Market and Sector Comparison
Within the FMCG sector, Mukka Proteins’ recent performance contrasts with broader market trends. While the Aquaculture sector declined by 3.08% on the day the stock hit its all-time low, Mukka Proteins outperformed the sector by 2.89% on the same day, despite the absolute price level reaching a historic low. This relative outperformance, however, does not offset the broader negative trend seen over weeks, months, and years.

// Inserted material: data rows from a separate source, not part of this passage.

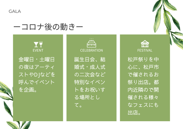 現在GALAは、オープン準備や資金調達をしながら、 皆様に楽しんでいただけるよう、日々励んでおります。 店舗内装デザインやメニューに関しましては、一部変更になる可能性もあります。 ご了承ください。 ※何か変更があった場合には活動レポートなどで共有を行なっていきます。 GALAで皆さまにお会いできるのを楽しみにしております。 スタッフ一同頑張っていきますので、応援のほどよろしくお願い致します。 本文中に記載させていただいたスケジュールは、あくまでプロジェクト公開時点の予定です。応援購入の性質上、配送遅延のおそれがございます。 原則として、遅延に伴う応援購入のキャンセルはできませんが、リターン配布予定月から6ヶ月を超えた場合には、希望者に限りキャンセルにて対応させていただきます。 当店が閉店、または営業ができなくなった場合は、本リターン使用権は無効となります。 緊急事態宣言、蔓延防止等重点措置に伴い、営業時間を変更している場合がございます。ご来店の際には店舗に直接ご確認ください。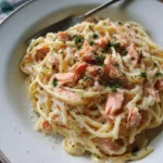 A delicious fusion of traditional carbonara with the rich, smoky flavor of salmon, this quick dish is perfect for weeknight dinners or fancy brunches.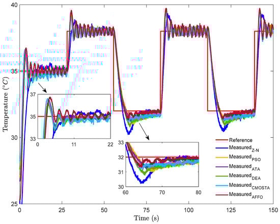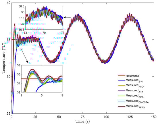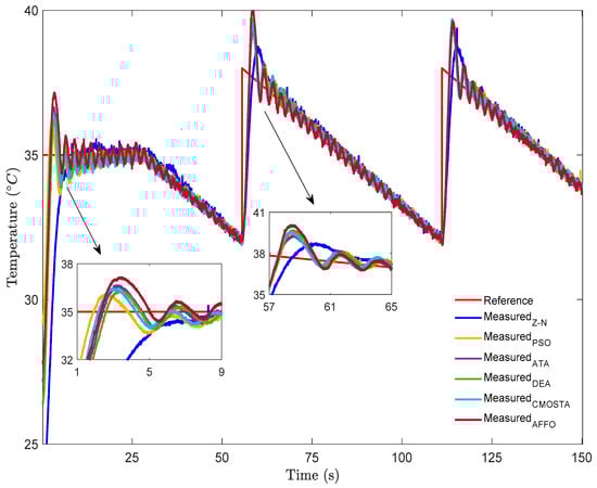 Moreover, the MAE values obtained from the experimental results to analyze the reference temperature tracking performance of all optimization methods are presented in Table 3. For the step part of the reference signal, the DEA method had the lowest MAE value of approximately 0.6188, which shows that it is the optimization method with the highest tracking accuracy. After that, the DEA was followed by AFFO with 0.6291, PSO with 0.6416, CMOSTA with 0.6602, and ATA with 0.6650, respectively. Furthermore, the highest MAE value, 1.3471, was observed for the Z–N method, indicating that it exhibited the worst reference tracking performance for the step part of the reference signal. When analyzing the MAE values for the sinusoidal part of the reference signal, it is seen that all optimization methods had almost the same MAE value, but the method with the lowest MAE value was the DEA, with approximately 0.0901. Further, it was observed that this method was followed by CMOSTA with 0.1011, PSO with 0.1098, ATA with 0.1107, AFFO with 0.1307 and Z–N with 0.2930, respectively. Additionally, it was observed that the DEA achieved the lowest overall MAE value for the entire reference signal, approximately 0.2055, indicating the best tracking performance, while Z–N recorded the highest MAE value, around 0.4898.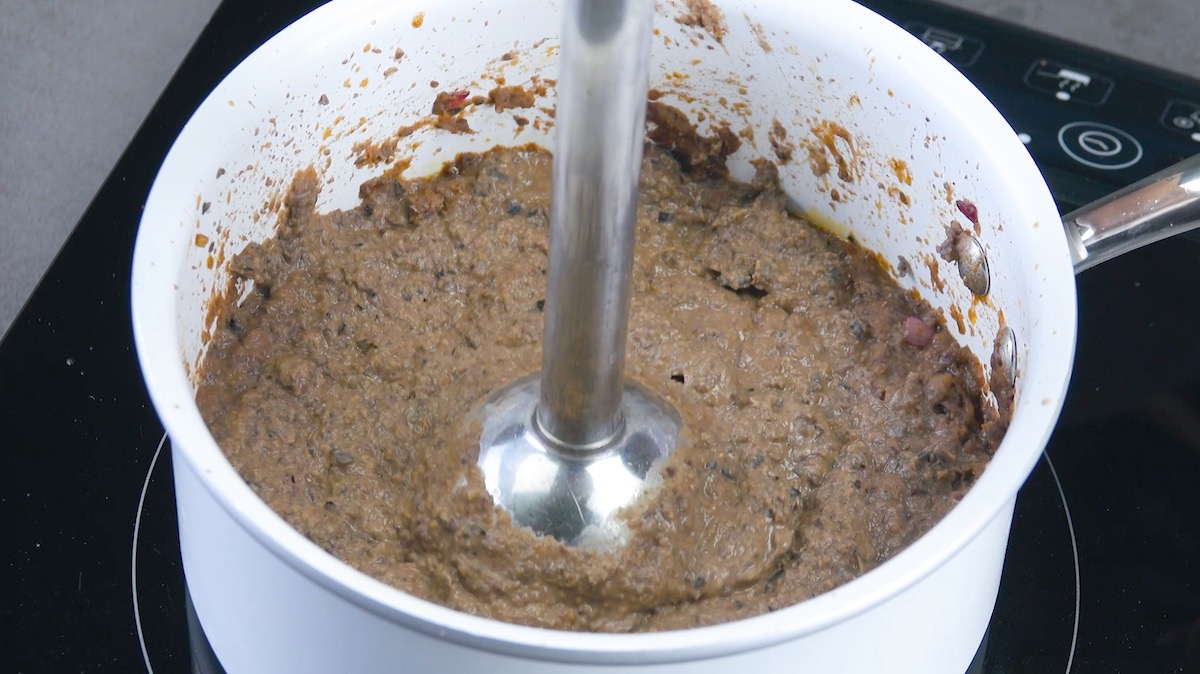 1. Erhitze für das Bohnenmus Öl in der Pfanne und schwitze darin Zwiebeln und Knoblauch glasig an. Gib die restlichen Zutaten hinzu, lass alles kurz köcheln und püriere es dann zu einem Mus.
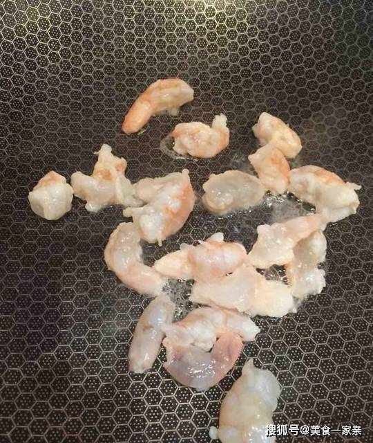 5.热锅,虾仁放锅内干酪变色捞出备用,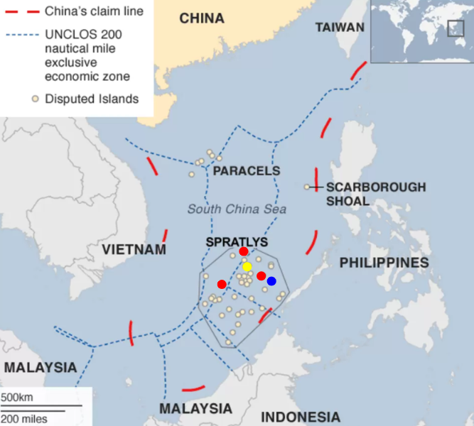 Som et svar på at Folkerepublikken okkuperer Mischiefrevet (rød sirkel lengst mot øst), valgte Fillipinene bevisst å grunnstøtte det 100-meter lange landingsfartøyet Sierra Madre ved atollen Second Thomas Shoal (markert med blå sirkel), godt innenfor landets 200-milssone. Det er til enhver tid om lag 10 personer fra Filippinenes marine om bord på det grunnstøtte skipet.
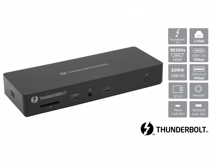A Conceptronic DONN30B 13 az 1-ben Thunderbolt 4 dokkolóállomáson két Thunderbolt 4 port, egy HDMI-kimenet, 2,5 GbE-s Ethernet, két 10 Gbit/s-os USB-C és két, szintén 10 Gbit/s-os, USB-A port található. Mindemellett egy SD 4.0-s kártyaolvasó is helyet kapott UHS-II támogatással az akár 312 MB/s-os adatátvitelhez, ami különösen hasznos a folyamatosan úton lévő fotósoknak és alkotóknak.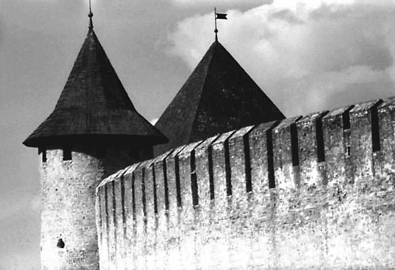 Верхня частина башти і зубці західного муруРозмір зображення: 800:547 піксел 1991 р. 23 липня. Фото М.І.Жарких. Негатека, № 703-08. |

The Sensex’s positive returns over the past year and longer periods highlight the stock’s underperformance in comparison to the overall market. The absence of gains over three and five years further emphasises the company’s challenges in delivering shareholder value.
Conclusion
Mukka Proteins Ltd’s stock reaching an all-time low of Rs.20.74 on 21 Jan 2026 marks a significant event in its market journey. The company faces multiple financial headwinds, including low capital efficiency, high leverage, and sustained declines in profitability. Institutional investor participation has waned, and the stock has underperformed both its sector and the broader market over various time frames. While valuation metrics indicate a discount relative to peers, the overall financial and market data reflect a company navigating a difficult phase within the FMCG sector.